PROBLEM TO WORK ON: Copies of all lines that contain "like" are needed; take them from the data below.

RECORDS SUPPLIED:
####################

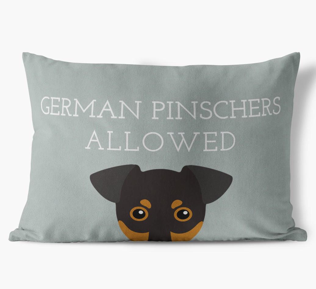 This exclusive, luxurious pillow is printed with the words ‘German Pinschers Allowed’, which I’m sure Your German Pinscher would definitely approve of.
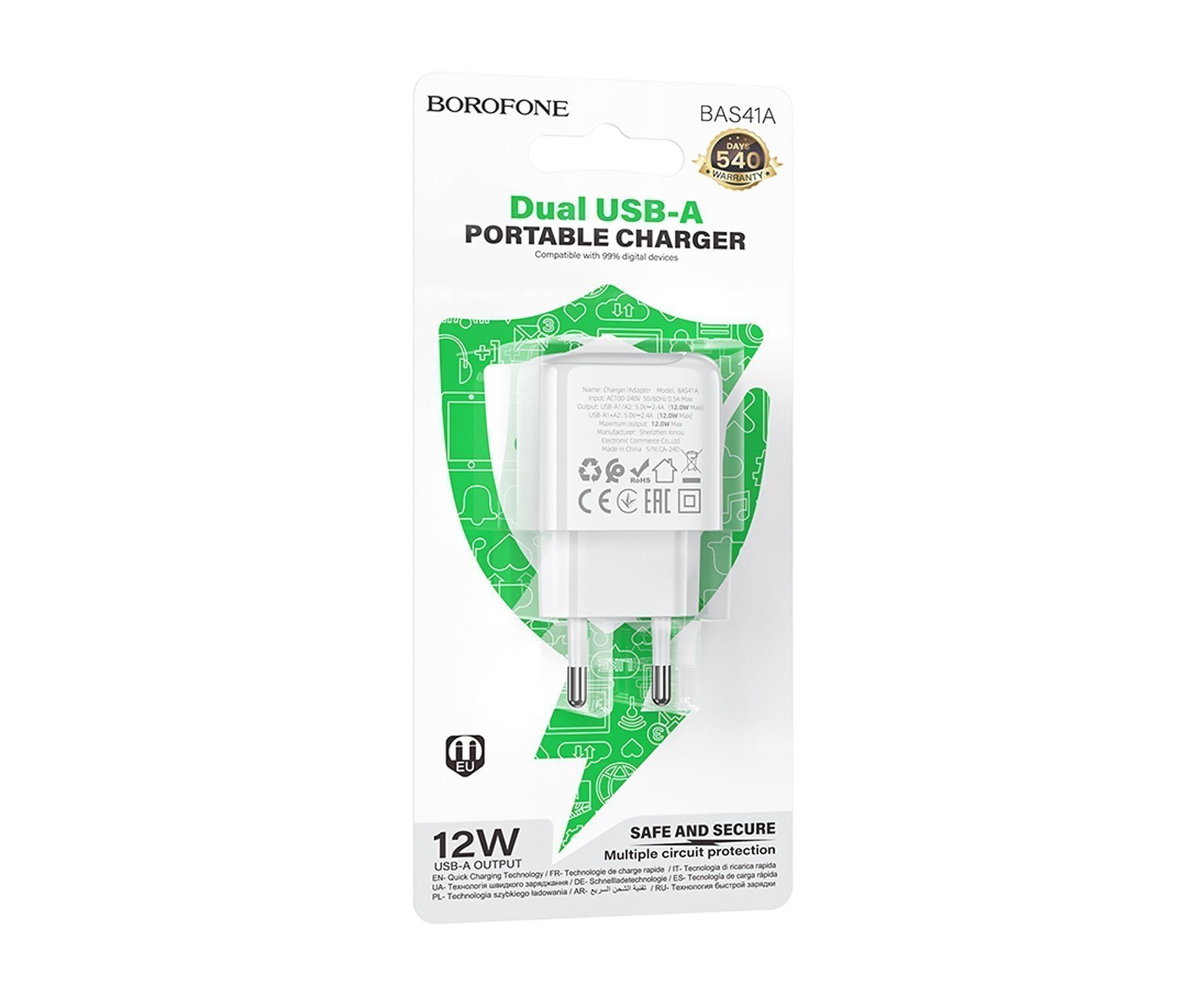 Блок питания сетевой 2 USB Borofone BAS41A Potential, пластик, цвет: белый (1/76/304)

####################

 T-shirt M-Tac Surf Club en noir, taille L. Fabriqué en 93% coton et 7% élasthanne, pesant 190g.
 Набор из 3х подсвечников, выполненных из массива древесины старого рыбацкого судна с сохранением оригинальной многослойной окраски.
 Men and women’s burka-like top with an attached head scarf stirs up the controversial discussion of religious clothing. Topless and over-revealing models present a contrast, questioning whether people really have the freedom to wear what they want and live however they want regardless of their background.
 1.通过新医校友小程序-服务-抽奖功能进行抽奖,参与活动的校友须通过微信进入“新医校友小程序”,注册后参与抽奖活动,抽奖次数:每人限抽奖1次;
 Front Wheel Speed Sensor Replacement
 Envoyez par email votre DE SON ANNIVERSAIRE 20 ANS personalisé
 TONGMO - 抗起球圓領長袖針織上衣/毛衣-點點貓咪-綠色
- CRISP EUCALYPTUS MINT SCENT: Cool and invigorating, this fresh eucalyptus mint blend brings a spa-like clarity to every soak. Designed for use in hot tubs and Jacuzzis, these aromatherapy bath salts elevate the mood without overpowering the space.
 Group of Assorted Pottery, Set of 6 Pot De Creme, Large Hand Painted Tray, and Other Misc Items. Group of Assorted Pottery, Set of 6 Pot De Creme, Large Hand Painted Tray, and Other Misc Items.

####################

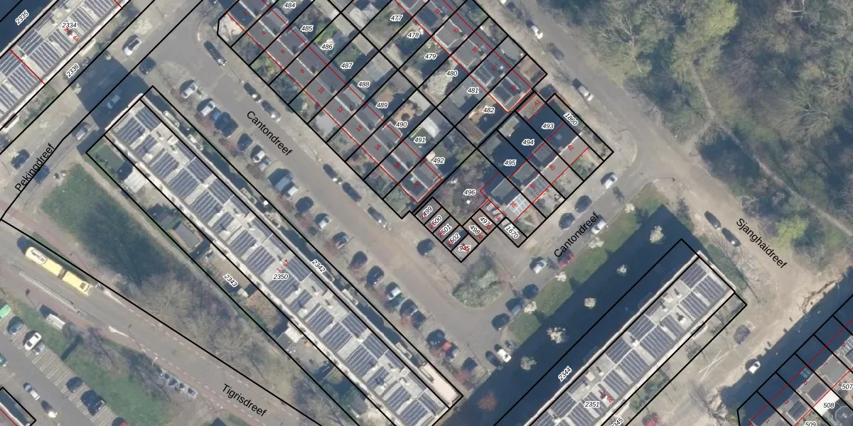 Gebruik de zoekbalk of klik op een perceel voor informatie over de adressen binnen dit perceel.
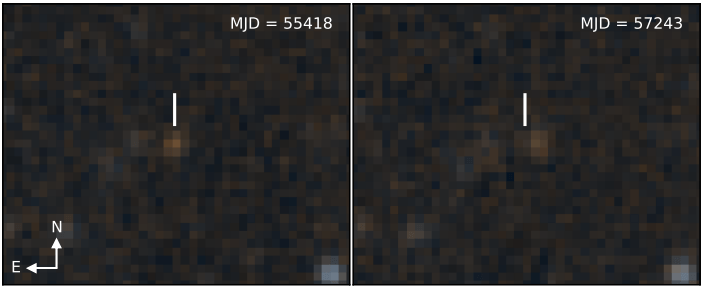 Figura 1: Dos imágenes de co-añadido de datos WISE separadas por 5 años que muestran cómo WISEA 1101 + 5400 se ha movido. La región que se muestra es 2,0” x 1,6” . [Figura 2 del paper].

####################

TASK RESULT:
 Men and women’s burka-like top with an attached head scarf stirs up the controversial discussion of religious clothing. Topless and over-revealing models present a contrast, questioning whether people really have the freedom to wear what they want and live however they want regardless of their background.
- CRISP EUCALYPTUS MINT SCENT: Cool and invigorating, this fresh eucalyptus mint blend brings a spa-like clarity to every soak. Designed for use in hot tubs and Jacuzzis, these aromatherapy bath salts elevate the mood without overpowering the space.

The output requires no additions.